I looked at McDeiss and then back at the burned wreck of a German luxury sports car. “It looks,” I said slowly, “like someone is killing Reddmans.”
“Who exactly?”
“If I knew that I’d already be rich.”
“We notified the house but we’re still looking for the other two siblings, Robert and Caroline. Any idea where they are?”
“None.”
“So, if you don’t know who’s going after the Shaws, what do you know?”
Normally, in my position as a criminal defense attorney, I preferred to share absolutely nothing more than I was forced to share with the cops. We’re on opposite sides, with the exact opposite goals, and since knowledge is power I tried to keep as much power as I could for myself. But I wasn’t facing McDeiss now as a criminal defense attorney. I was looking for a third of any recovery for wrongful death against the person responsible for Jacqueline’s murder and now, most likely, for Eddie Shaw’s murder too. Nothing would be better than to have the cops find the guy and convict him and leave his assets dangling for me to snatch down with my teeth.

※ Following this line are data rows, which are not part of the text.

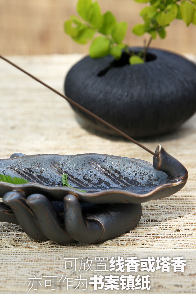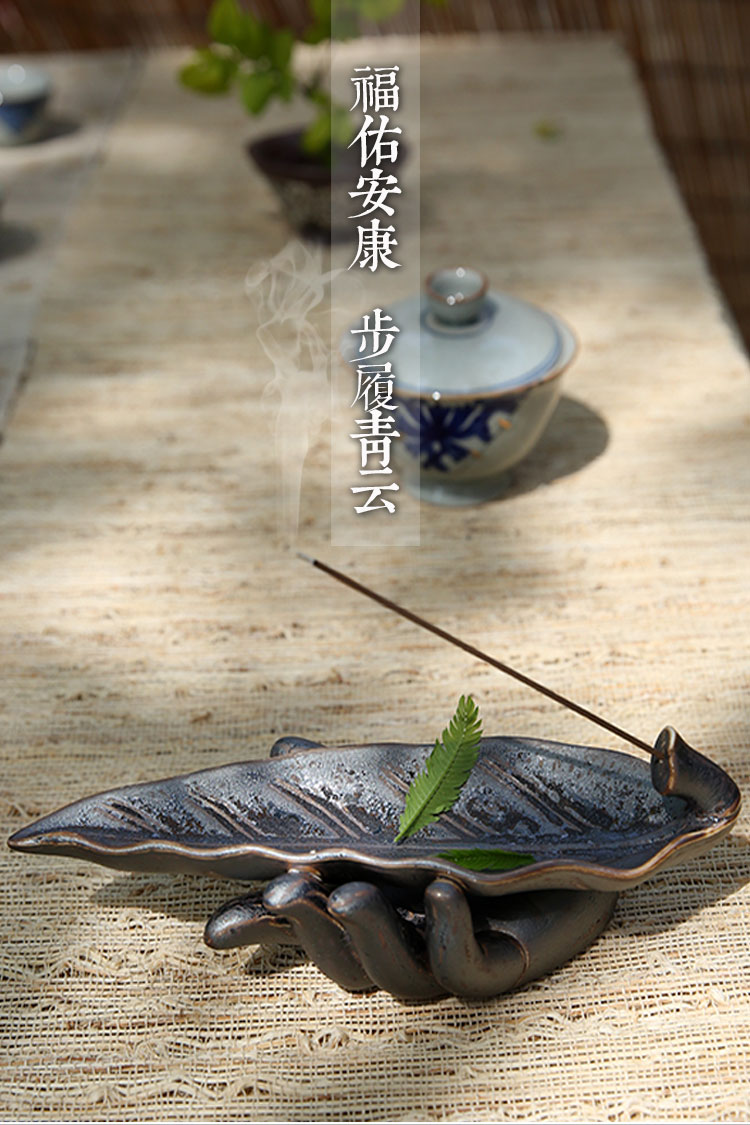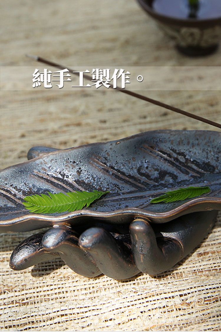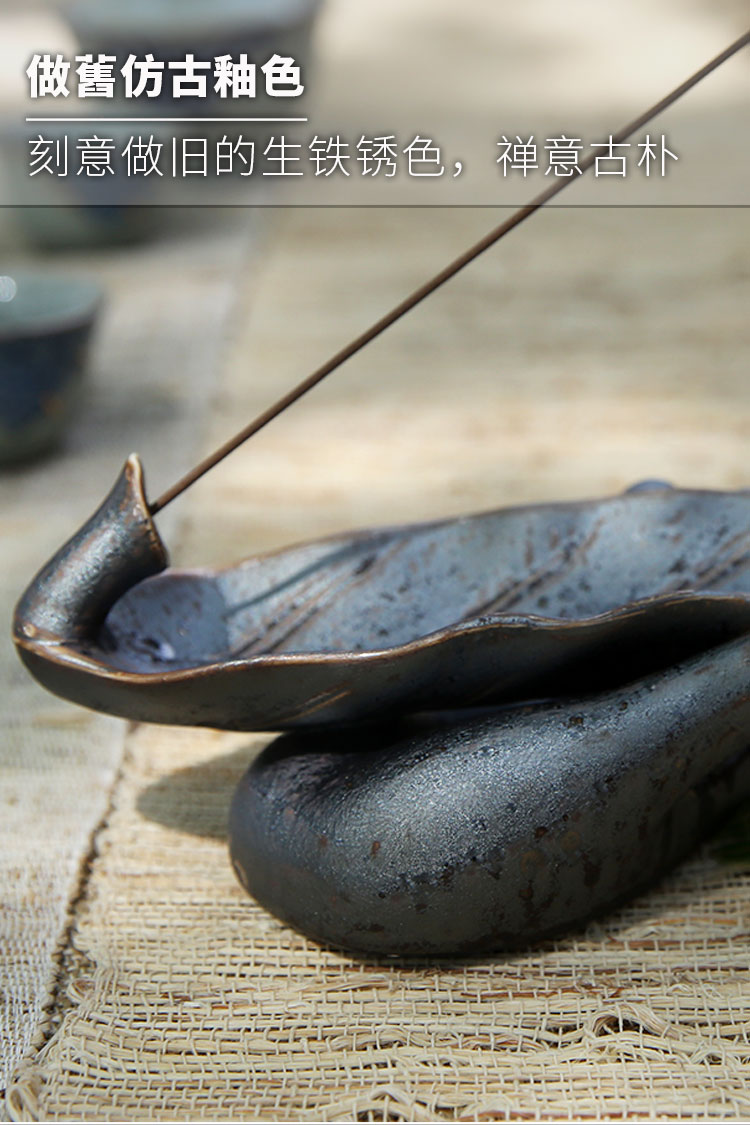 長線香香插仿古鐵銹仿真陶瓷樹葉香座茶道桌面擺件1入
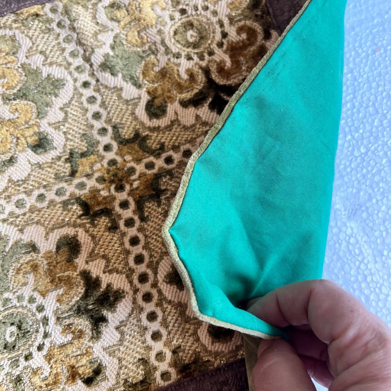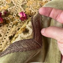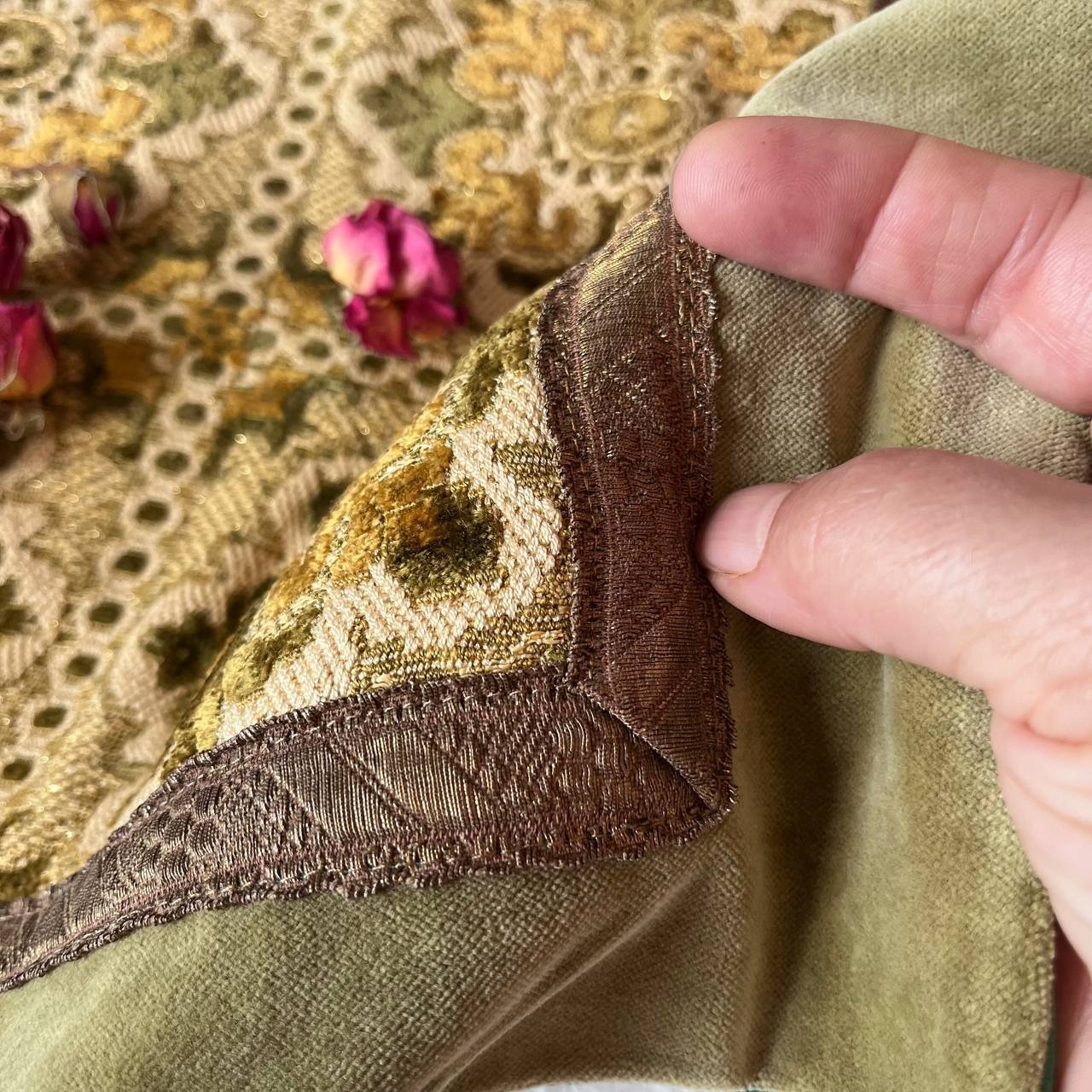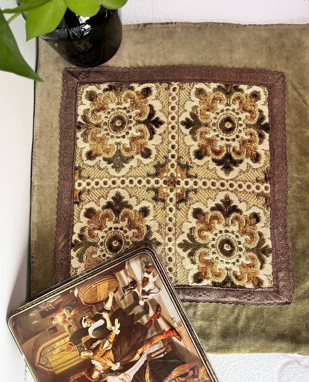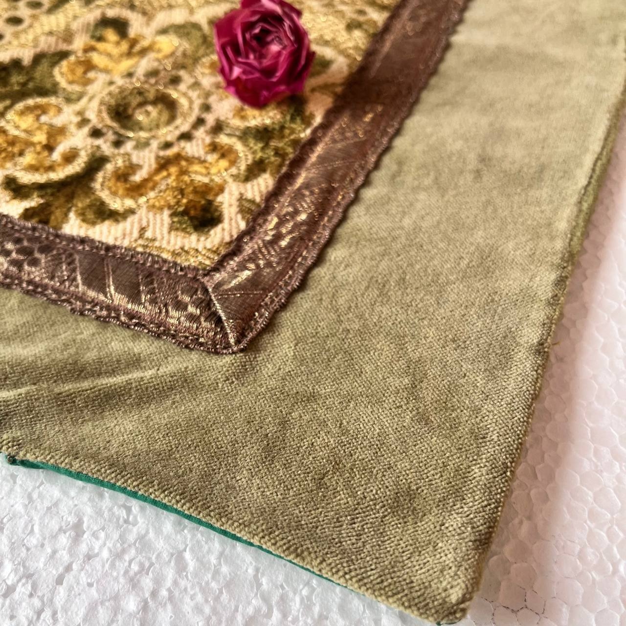 رومیزی سبز قدیمی خارجی ترکیب مخمل برجسته بلژیکی و مخمل ساده
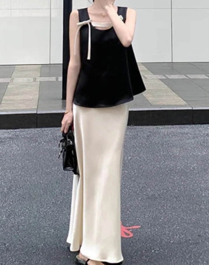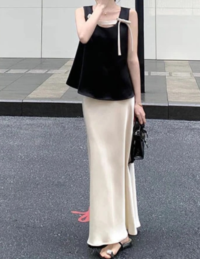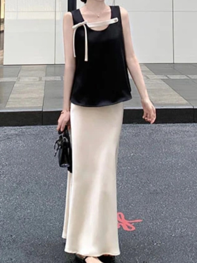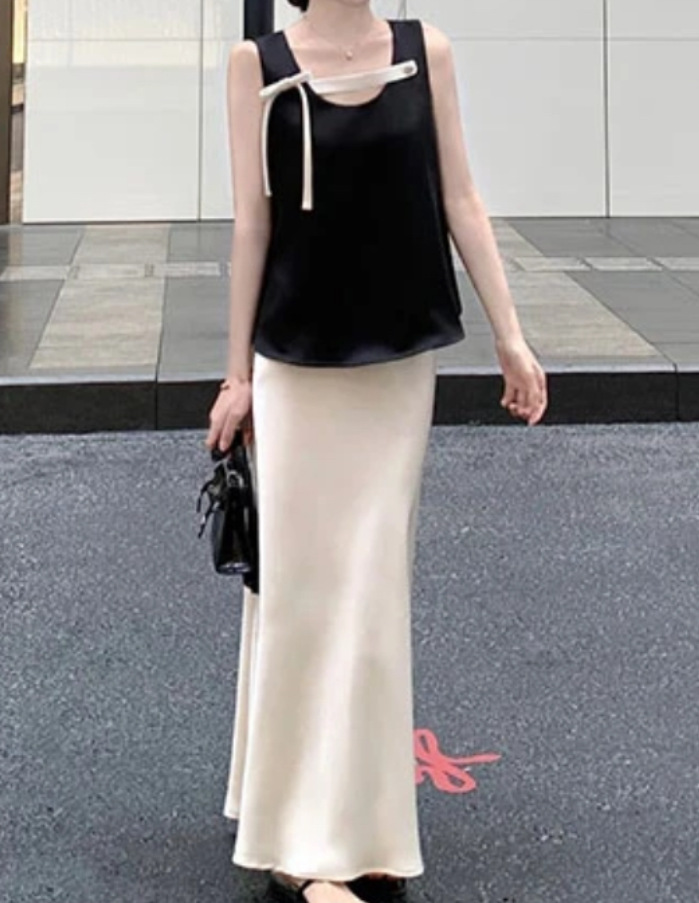 2025 봄 새로운 슬림 핏 슬리밍 캐주얼 올 매치 민소매 탑 우아한 패션 하이 웨이스트 A 라인 하프 길이 원피스
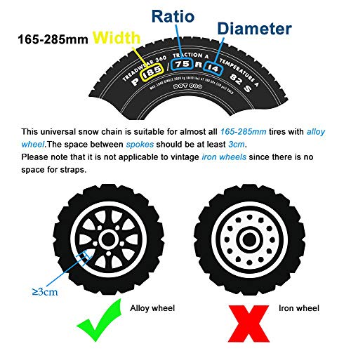 Buon effetto antiscivolo: Ie catene da neve rispondono facilmente a tutti i tipi di cattive condizioni stradali, adatte a pioggia, neve, ghiaccio, fango.
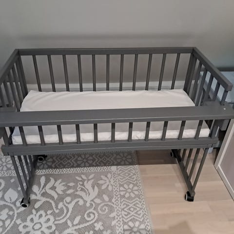 Toisen laidan saa alas. Jalakset saa keinumaan tai pysymään paikallaan, renkaat saa lukittua. Sängyn voi säätää eri tasoille tai kuten kuvassa, pääty pää ylempänä kuin jalkopää. Alla hyvin säilytystilaa. Mukaan patja, kosteussuoja ja muotoonommeltuja lakanoita ainakin yksi, enemmänkin jos vain löydän muuton jäljiltä 😅 patjan päällä aina ollut kosteussuoja joten patja on kuin uusi.
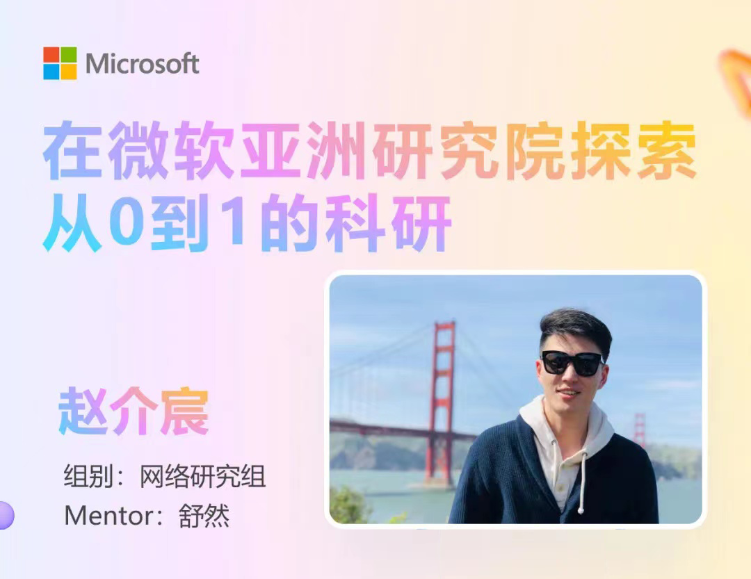 除了mentor给予的支持之外,介宸还经常主动在研究院寻找学习的机会。研究院每周举办的“Intern Tech Talk” 他也积极参与,即使分享的内容不是自己的研究领域,他也乐于接触不一样的科研视角。一年的时间,介宸在微软亚洲研究院不断打磨专业技能,积累科研经验。与微软亚洲研究院的其他实习生一样,作为新生力量,他们借助研究院的平台不断向上生长,厚积薄发。

There were things he couldn’t know, things about my client Peter Cressi and his boss Earl Dante, about my role as innocent bystander in the hit attempt on the Schuylkill Expressway, about Raffaello’s plan to turn over the city’s underworld to his nemesis. But anything I learned in my investigation of Jacqueline’s death, I figured, I could turn over to him, including what I had learned from Eddie’s wife. Telling all I knew to McDeiss might just make my job of getting what I could out of the Reddman fortune that much easier.
“You said that place La Vigna is pretty good,” I said.